Python isn’t only the most-popular language for introductory CS programs, it’s also the fastest-growing language for embedded computing. Maybe that sounds silly when you scan the numbers again and realize it’s the fastest-growing language of the remaining 5% of embedded systems code that aren’t C/C+ +, but Python will start eating into C/C++’s monopoly even more over the next few years.
Python might be at its strongest when used as a communication middleman between the user and the embedded system they’re working with. Sending messages through Python to or from an embedded system allows the user to automate testing. Python scripts can put the system into different states, set configurations, and test all sorts of real-world use cases. Python can also be used to receive embedded system data that can be stored for analysis. Programmers can then use Python to develop parameters and other methods of analyzing that data.
Role 1 – Device control and debugging:
During the embedded software development process, developers often find themselves analyzing bus traffic such as USB, SPI, or I2C. Sometimes the analysis is simply for debugging purposes, but other times there is a need to actually control the bus analyzer and send messages to the embedded system. Many bus analyzer and communication tools have user-friendly interfaces that can be used to control the tool. They also normally provide a way to develop scripts that can be used to control the tool as well. Python is one scripting languages that is normally supported, sometimes exclusively, to interface with and control the tool.
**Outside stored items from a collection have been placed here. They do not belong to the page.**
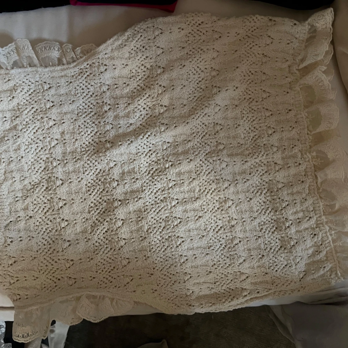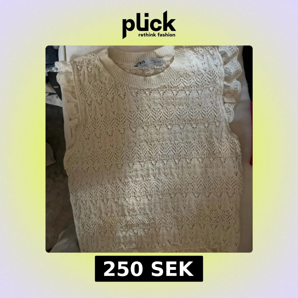 Säljer en söt vit stickad topp från Zara med volangdetaljer vid ärmhålen. Toppen har ett fint mönster och är perfekt, Passar bra till både jeans och kjol.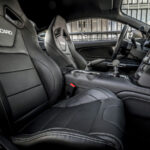 Gli interni sono caratterizzati da una combinazione di colori Ebony e dettagli in alluminio tornito Dark Engine, mentre i sedili sportivi in pelle presentano dettagli a contrasto color arancione. Ogni Mustang Mach 1 presenta un esclusivo badge sul cruscotto con il logo Mach 1, abbinati a esclusivi battitacco e un nuovo display di avvio sul quadro strumenti digitale da 12’’. Le tecnologie dedicate al comfort e praticità includono sedili anteriori climatizzati, sistema di connettività SYNC 3 con touchscreen e navigation system, audio premium B&O da 12 diffusori e modem FordPass Connect integrato per una connettività ottimale.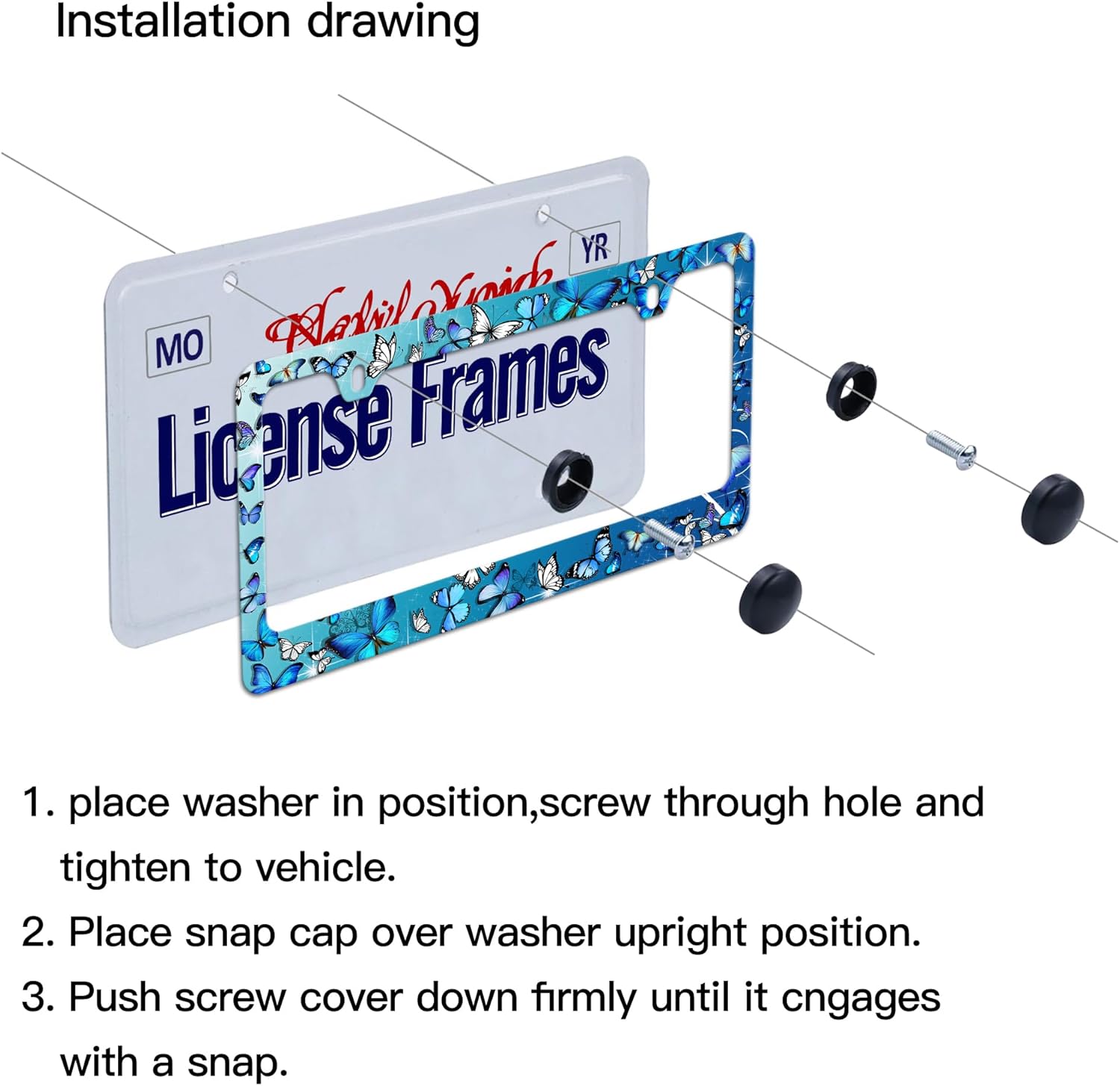 - Blue Butterfly License Plate Frame for Women:You will receive a set of 2 license plate frames,All Accessories Needed are Included (4 Screw Caps,4 Screws,4 Washers),Quick and Simple Installation,you don’t need to buy any other hardware or fasteners,Anti-theft caps are also included.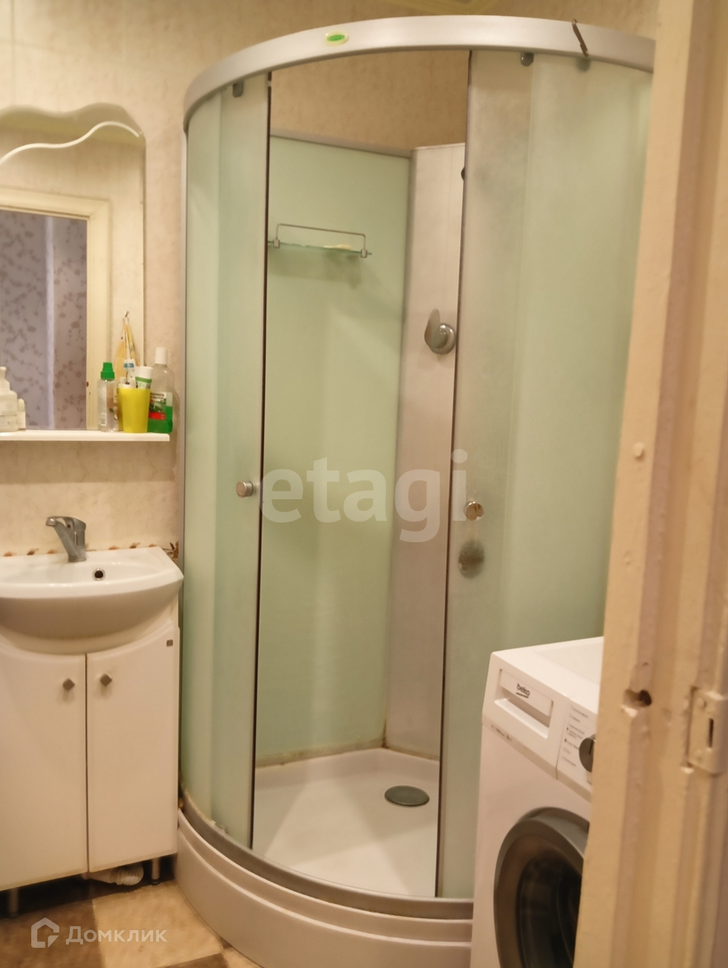 Сан.узел совмещенный, отделан кафелем, установлена душевая кабина.

Role 2 – Automating testing:
The ability to control tools that can send and receive messages from an embedded system through Python opens up the possibility for using Python to create automated tests, including include regression testing. Python scripts can be developed that set the embedded system into different states, set configurations, and test all the possible perturbations and interactions that the system would have with the external world. One advantage to using Python for automated testing is that regression tests can be developed that constantly test and exercise the system. Any code changes that result in bugs or non-conformances will be immediately discovered.
Role 3 – Data analysis:
A simple search for Python libraries on the web reveals that there are many freely available and powerful libraries to develop Python applications. Python can be used to receive critical embedded system data that can then be stored in database or locally for analysis. Developers can then use Python to develop real-time visualizations that show critical parameters, or to store and save those parameters for later analysis. The nice part about performing data analysis using Python is that the groundwork has already been done; the functionality is simply drop-in.
Role 4 – Real-time Software:
Python has proven itself to be so powerful and easy to use that Python is even finding its way into real-time embedded systems as the programming language. Yes, the embedded software itself is being written in Python rather than C/C++. The most widely-available Python version for real-time is the MicroPython port designed to run on microcontrollers such as the ARM Cortex-M3/4. MicroPython is not alone though.
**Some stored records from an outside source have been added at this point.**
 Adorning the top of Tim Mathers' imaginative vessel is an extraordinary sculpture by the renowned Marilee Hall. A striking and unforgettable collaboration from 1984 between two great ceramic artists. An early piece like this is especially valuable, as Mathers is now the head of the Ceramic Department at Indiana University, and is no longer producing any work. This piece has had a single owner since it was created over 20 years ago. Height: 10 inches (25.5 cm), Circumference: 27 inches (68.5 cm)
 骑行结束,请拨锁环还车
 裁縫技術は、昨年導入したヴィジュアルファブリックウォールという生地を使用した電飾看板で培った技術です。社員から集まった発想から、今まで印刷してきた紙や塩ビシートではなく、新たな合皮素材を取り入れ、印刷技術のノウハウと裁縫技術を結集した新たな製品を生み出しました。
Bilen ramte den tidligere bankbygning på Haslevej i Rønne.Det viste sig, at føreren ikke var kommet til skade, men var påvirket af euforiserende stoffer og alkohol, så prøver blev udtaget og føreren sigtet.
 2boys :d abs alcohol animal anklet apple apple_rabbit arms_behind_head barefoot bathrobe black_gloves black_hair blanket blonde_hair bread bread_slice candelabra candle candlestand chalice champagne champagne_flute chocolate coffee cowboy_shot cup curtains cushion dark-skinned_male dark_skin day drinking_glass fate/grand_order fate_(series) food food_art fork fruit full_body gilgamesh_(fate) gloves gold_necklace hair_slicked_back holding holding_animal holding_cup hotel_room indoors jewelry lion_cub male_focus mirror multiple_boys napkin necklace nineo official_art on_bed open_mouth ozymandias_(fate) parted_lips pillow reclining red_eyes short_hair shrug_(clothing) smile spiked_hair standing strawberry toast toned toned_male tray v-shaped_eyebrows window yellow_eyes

Role 5 – Learning object oriented programming:
Python is a free programming language that can be used across multiple platforms and is easy for students and non-programming types to learn how to program. The language is also modern, unlike C, and has the ability to be structured in a free-form script type manner or as a sophisticated object-oriented architecture. Python has also proven very versatile. There are even instances where electrical engineers with no programming experience have been able to take Python and write useful test scripts or perform board check-outs with a minimal time investment.
The learning curve for Python isn’t steep and developers who are familiar with it find that it is an easy language to switch to from other languages.